The Master Race warns that the appalling inhumanity of the Third Reich will not simply evaporate with a surrender. Herbert Biberman's thoughtful story gets many details right. Untold numbers of displaced persons had to find their way back to their lands of origin, where they might find their families dead or their homes destroyed. But the film's politics can't penetrate beyond the menace of the Nazi boogeyman. It can't predict the squabbling among victors and the Cold War that begun when former Allies locked horns and the Soviets imposed political control over the territory it "liberated". The atom bomb was still a complete secret, and the true nature of Stalin's rule wouldn't be verified for years. The film's Major reforms the Belgian town's agriculture effort along collectivist lines. He behaves like a humanitarian camp counselor. Most actual military officers given the tough job of helping out in occupied areas were too busy dealing with new bureaucracies and solving complicated logistical and political problems to get so personal with the locals. In the slow and frustrating recovery period, the old conflicting political divisions re-emerged.
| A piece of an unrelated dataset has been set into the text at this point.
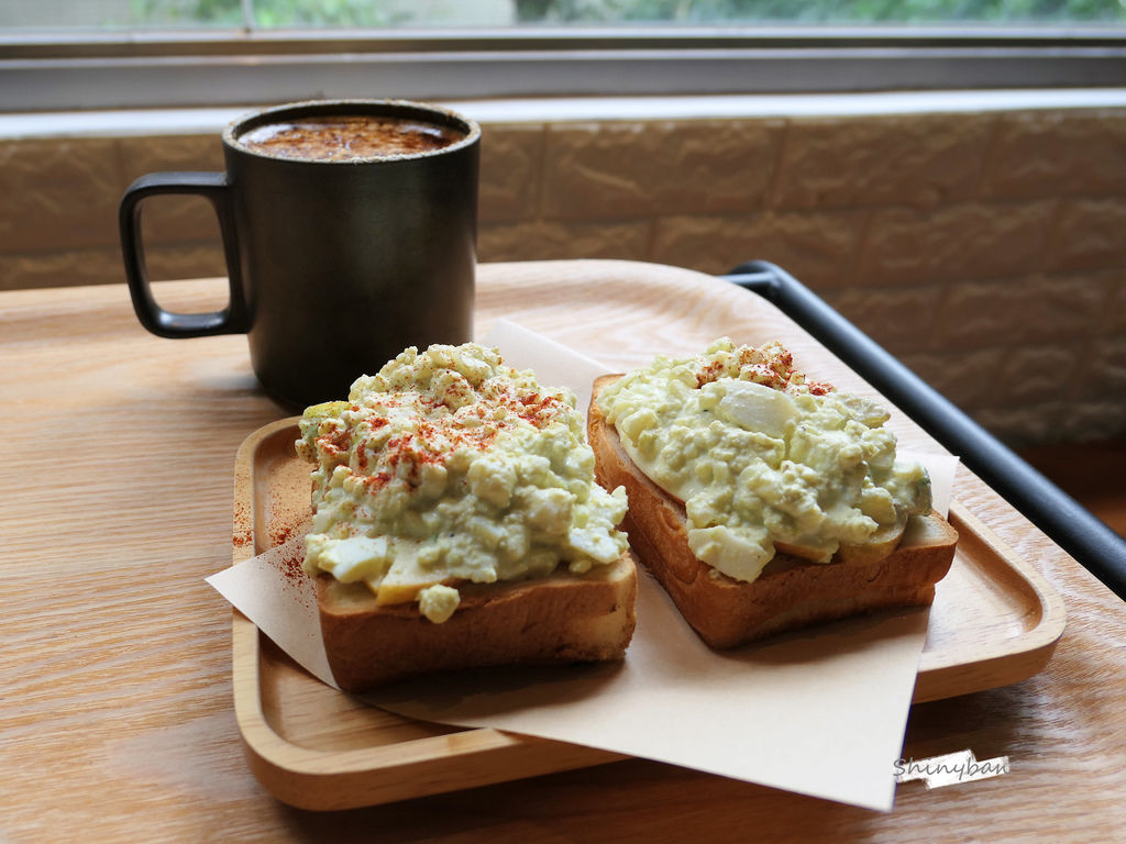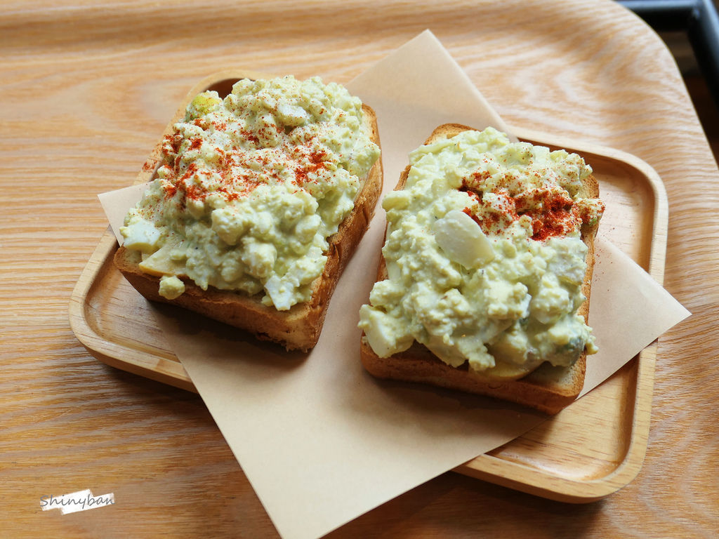 兩小片烤得酥脆的方形厚片吐司,上方以蘋果薄片為底,再加上和馬鈴薯、酪梨混合的蛋沙拉。我本身很愛吃酪梨,對我來說酪梨味道偏淡,是屬清爽無負擔型,整體吃完也是挺有飽足感的,配上一杯拿鐵,很適合當健康的早午餐。

The film isn't really Communist propaganda but an anti-Nazi thriller with some provocative situations. Unfortunately, being Anti-Nazi wasn't a politically safe position in postwar Hollywood. In the Commie witch hunt, one didn't have to espouse Communist ideas or laud Stalin to be targeted by the HUAC. Just being a supporter of the Spanish Republic or otherwise a "premature anti-Fascist" was enough for one to lose the right to make a living. A look at the themes of most WW2-era movies reveals little more than vague sentiments in favor of an improved, more idealistic post-war America. When the U.S. allied with defeated German authorities in the effort to oppose our new enemy the Soviet Union, previously filmed positive images of Stalin and Communism were regarded as part of a Red plot to infiltrate Hollywood.

Biberman was a strongly leftist producer, writer and director who became one of the original Hollywood Ten. His brief career came to an abrupt end with the blacklist, as did that of his Oscar-winning wife, Gale Sondergaard. Other blacklisted members of the cast were Morris Carnovsky and Lloyd Bridges. Bridges was "cleared" by the F.B.I. and didn't suffer too severe of a break in his career. But a less well-known personal story gives the full picture. Screenwriter Anne Froelick had started with Howard Koch and the Mercury Theater. Like many others, she became interested in the Communist Party in the 1930s when it was the only political organization protesting Fascism and supporting labor unions. Ms. Froelick had just established her screenwriting career when she was denounced as a Red, on the last day of the Committee's last trip to Hollywood. She lost everything. Her husband, an aircraft engineer, had already been ejected from his job as a supposed security risk. In an interview Ms. Frolick remembered The Master Race as her most political film.  1


The Warner Archive Collection's DVD-R of The Master Race is an acceptable transfer of this RKO production. Russell Metty's cinematography is sharp and the audio clear, but contrasts are a little heavy in places and there are a couple of instances of light film damage.


On a scale of Excellent, Good, Fair, and Poor, The Master Race rates:
Movie: Good +
Video: Good +/-
Sound: Good
Supplements: none
Packaging: Keep case
Reviewed: January 27, 2010

Footnote:

1. The Anne Froelick interview is in Patrick McGilligan and Paul Buhle's book Tender Comrades, St.Martin's Press 1997.